# Applying lever theory to foot.

1. Dec 11, 2013

### N Eriksen

So, suppose I want to describe my foot, the ancle joint and my achilles tendon as a lever. I look at my foot as if it was standing on a step of a stair with my heel protruding out into the air, or if i was standing on solid ground, lifting my heels just a millimeter from the ground. Like this:

______L___I
X

Where X is the supporting point, L is my ancle joint and I is the Achilles tendon. I say that the distance from X to L is 2, and the Distance from L to I is 1 (units will not be relevant here).

I suppose that my weight is evenly distributed on both feet. As I am completely stationary, there is no net-torque on my foot.

Now, as I see it, I can describe the above as a first class lever, like a see-saw. L is the fulcrum, and the force on the point X is Fa= ½*bodymass*g. The lever is 2 long. So, the torque on the lever will be τa = bodymass*g on the left side.

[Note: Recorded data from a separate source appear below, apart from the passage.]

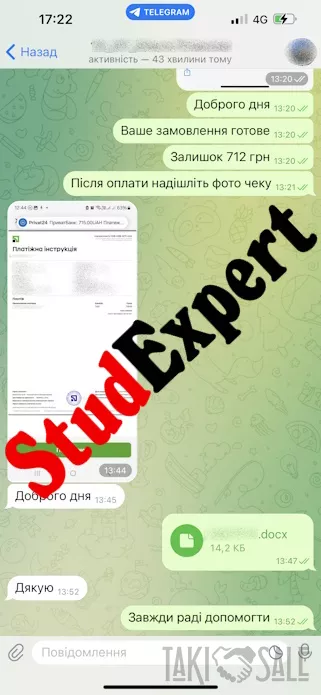 Важливо! StudExpert Company не продає жодних документів про освіту! Надаємо послуги виключно з пошуку та структурування інформації в якості прикладу.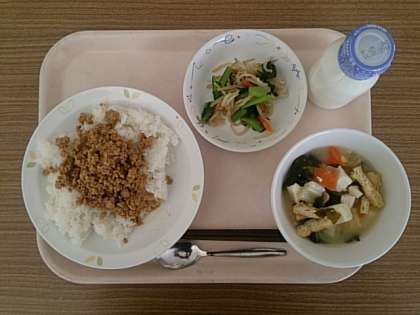 今日の給食は、「そぼろ丼」「野菜のからししょう油かけ」「白菜のみそ汁」「牛乳」です。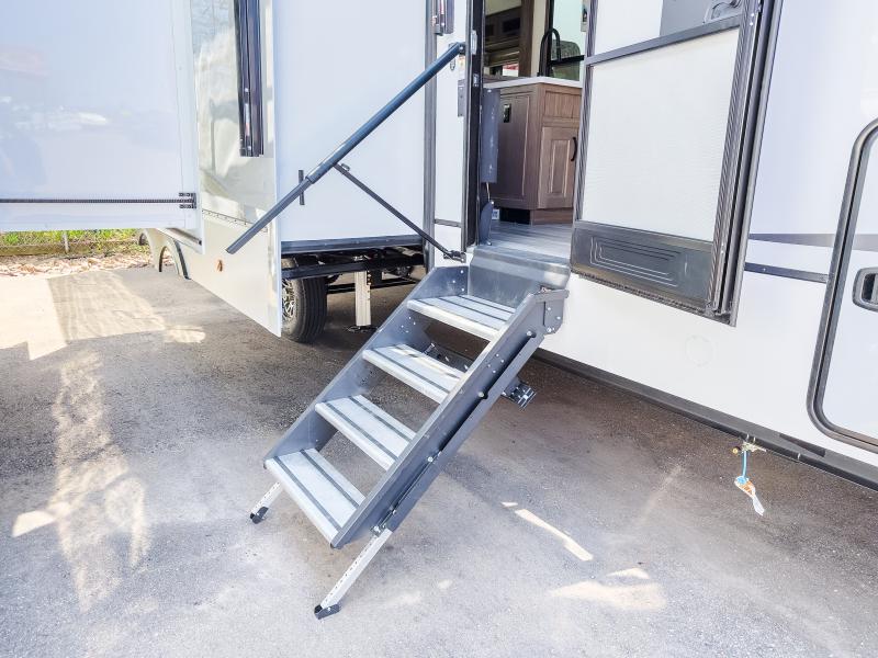 A spacious unit with sleeping for eight with plenty of choices to suit everyone! There is a front private bedroom with a king size bed that offers a large full front closet that has also been prepped for a washer and dryer if you choose that option. The front bath features a 40" x 30" shower and dual entry. Head down to the kitchen and living space at the bottom of the stairs to find a curbside slide that houses the 19 cu. ft. residential refrigerator, a pantry, and a dinette with four chairs. As you continue on toward the rear of this coach, you will find a spacious living area along the roadside with a 50" Smart TV and a fireplace, a sofa sleeper slide, and a dual reclining loveseat. This makes a great gathering place for television watching, game playing, and even added sleeping space if needed at night. The rear private bedroom with its own private bath features a queen bed, two closets, and a Smart TV as well. The multipurpose loft area above can be accessed just before this rear bedroom entry by a ladder, and it is perfect for extra storage, or it can be used for added sleeping that the kiddos are sure to love.

On the right side, I have the same torque τab. However, I have a lever only 1 long, so I get the force on the achilles tendon to be Fb = bodymass*g = 2*Fa.

However. I see many pages on the internet looking at the case like this:

The fulcrum is the supporting point, X, the joint, L, is the load point, and the effort is on the point I, the achilles tendon. In this way the system is like a 2nd class lever.

I go on to calculate. The Load on the L is Fa=½*bodymass*g. The lever is 2, so the torque from the load of the body on the joint is τa=bodymass*g. The torque must be zero, so I say, looking only at magnitudes of forces and torques:

τab

2*Fa=3*Fb => Fa=3/2Fb

But HEY! Fa is the same in the two cases.

In the first case I got Fb=2Fa
In the second: Fb=2/3Fa

How can this be? What way should I look at this?

Last edited: Dec 11, 2013
2. Dec 11, 2013

### BeBattey

Your Fa is not the same in both cases. In your case you set Fa to be at x, while in the internet's case their Fa is set at L. Your Fb was the same however, but in your set of equations at the end you're showing the relation of Fb between the X and the L forces.

3. Dec 11, 2013

### N Eriksen

Fa is the same. Its half a bodyweight times g. How could it be anything else?

4. Dec 11, 2013

### BeBattey

Imagine your foot is growing lengthwise between L and X as you're standing there. The force on your foot from X would increase as a function of the distance between L and X. Therein lies the concept that forces are wonky when not applied to the center of mass.

5. Dec 11, 2013

### N Eriksen

I honestly don't see how that makes sense. As the distance from L to X increases, the torque increases. The force stays the same. Otherwise I should be spontaneously gaining mass.

6. Dec 11, 2013

### BeBattey

I should have said Fb, the force you apply with your foot.

I'm not sure how to explain it any better, maybe you should try writing it out as a simple rod attached at certain points with forces applied on it with net torque equal to zero. Don't make any assumptions about what the forces are, just Fa, Fb and Fc.

I think the connection to reality is messing you up. No matter what happens you will fall backwards if you don't shift your center of mass forward, and this negates the assumption that the load is applied vertically. You can't pull yourself up and push yourself down at the same time, your weight and your achilles heel would then be able to cause a net force on you if that were true. Astronauts would be able to float back to the spaceship if they were free-floating in space if that were true.

7. Dec 12, 2013

### N Eriksen

Is someone able to give me a better explanation? Have spent some time on this, and it still does not make sense to me. I really want to understand this fully. My original question was also meant to clarify which approach was correct. I have gotten no further in this. At all.